Director of AGSA
- In office April 1978 – September 1979
- President: Nur Muhammad Taraki
- Preceded by: Office Established
- Succeeded by: Asadullah Amin

Vice President of Afghanistan
- President: Babrak Karmal
- Preceded by: Sultan Ali Keshtmand
- Succeeded by: Nur Ahmed Nur

Personal details
- Born: 1941 (age 84–85) Ghazni Province, Kingdom of Afghanistan
- Party: People's Democratic Party of Afghanistan-Khalq

Military service
- Allegiance: Republic of Afghanistan (1973–1978) Democratic Republic of Afghanistan (1978–1980)
- Branch/service: Royal Afghan Air Force AGSA
- Years of service: ?–1992

= Assadullah Sarwari =

Former Afghan politician

Assadullah Sarwari (Dari: اسد الله سروری) is an Afghan former politician, former ambassador to the Mongolian People's Republic and convicted war criminal who belonged to the Khalq faction of the communist People's Democratic Party of Afghanistan (PDPA). He was born in Ghazni Province.

==Career==
Asadullah Sarwari was born in 1930 in Ghazni Province into a Tajik family. Sarwari received his education in the Soviet Union and would later serve as a helicopter pilot for the Royal Afghan Air Force during the monarchy of Mohammed Zahir Shah, and later as the air force garrison commander under President Mohammed Daoud Khan, who ousted Shah in a coup in 1973.

When the Communist government took over during the Saur Revolution, in which Daoud was deposed and killed, Sarwari was appointed head of the Afghan Security Service (AGSA) in 1978 and continued to serve until he was replaced by Hafizullah Amin's nephew, Asadullah Amin in October 1979.

In September 1979 Sarwari was involved in a pro-Nur Muhammad Taraki plot to oust Prime Minister Hafizullah Amin. After the failure of the plot, he and his comrades (the 'Gang of Four') escaped to the Soviet Embassy, where he was given asylum until the Soviet invasion and the fall of Amin in December 1979.

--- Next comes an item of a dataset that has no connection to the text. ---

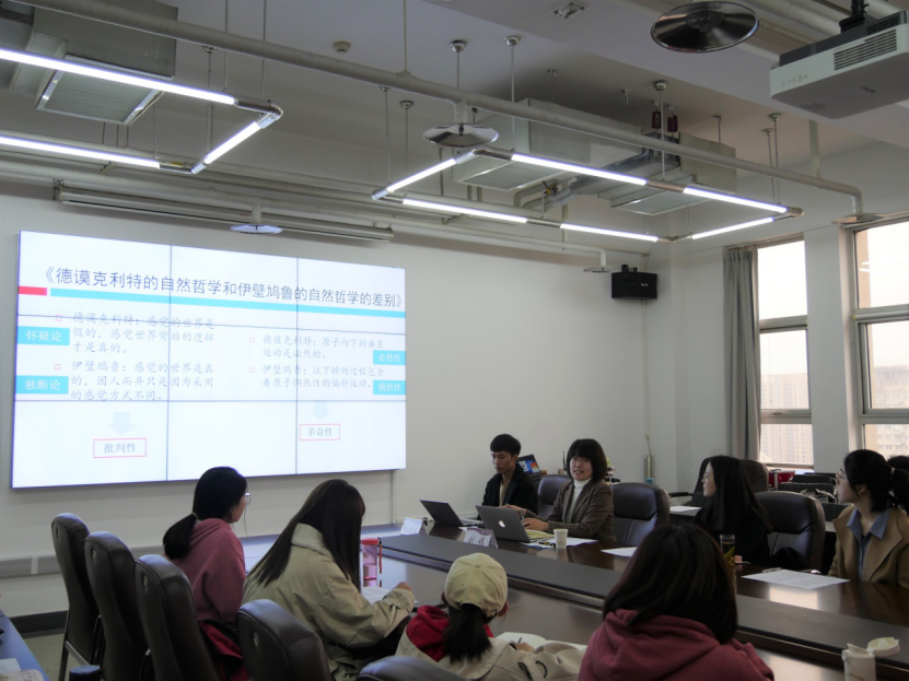 读书会以“真学、真懂、真信、真用、真教”为宗旨,以阅读马克思主义经典原著为方向,采取句读研讨、师生互动、专家讲解等丰富形式,坚持打造英国beat365官方网站学术共同体。以教师推荐读本、学生自荐领读、师生共同研读的形式,本学期经典读书会共策划开展八期经典阅读活动,书目涉及哲学、文学、历史学、社会学等多个领域。本期读书会围绕马克思的博士论文《德谟克利特的自然哲学和伊壁鸠鲁的自然哲学的差别》进行阅读讨论,共分为“学生领读、教师解读、交流提问”三个环节。

After the invasion, under the government of Babrak Karmal, Sarwari was first given the position of deputy prime minister, but he was soon removed from the government and posted as ambassador to Mongolia from 1980 to 1986. In January 1980, Sarwari also became a member of the PDPA Politburo. In 1981, he was stripped of membership in the PDPA Politburo, and expelled from the party's Central Committee five years later in July 1986. President Mohammad Najibullah appointed him as ambassador to East Germany until 1988 and then South Yemen in 1989.

Sarwari was expelled from the party following his alleged role in support of Shahnawaz Tanai's coup attempt in 1990.

In May 1992, after the collapse of the Afghan government, Sarwari was arrested by the Shura-e Nazar militia of Ahmad Shah Massoud and was kept in detention in Panjshir. In 2005, he was transferred to the National Directorate of Security (NDS).

==Death sentence and imprisonment==
On December 25, 2005, he was charged with the involvement in the arbitrary arrest, torture and mass killing of hundreds of opponents during his tenure as head of Afghan intelligence for a period of one year. On February 25, 2006, he was sentenced to death by firing squad for ordering the killing of over 400 people; he was cleared of charges involving conspiracy against the post-Communist government. His was the first trial involving war crimes in Afghanistan in the post-Taliban era. The proceedings of the trial were condemned by the Amnesty International as "grossly unfair".

Reuters reported that he received a death sentence in January 2006. In 2008 a court of appeal commuted his sentence to 19 years' imprisonment. He was released from jail in January 2017.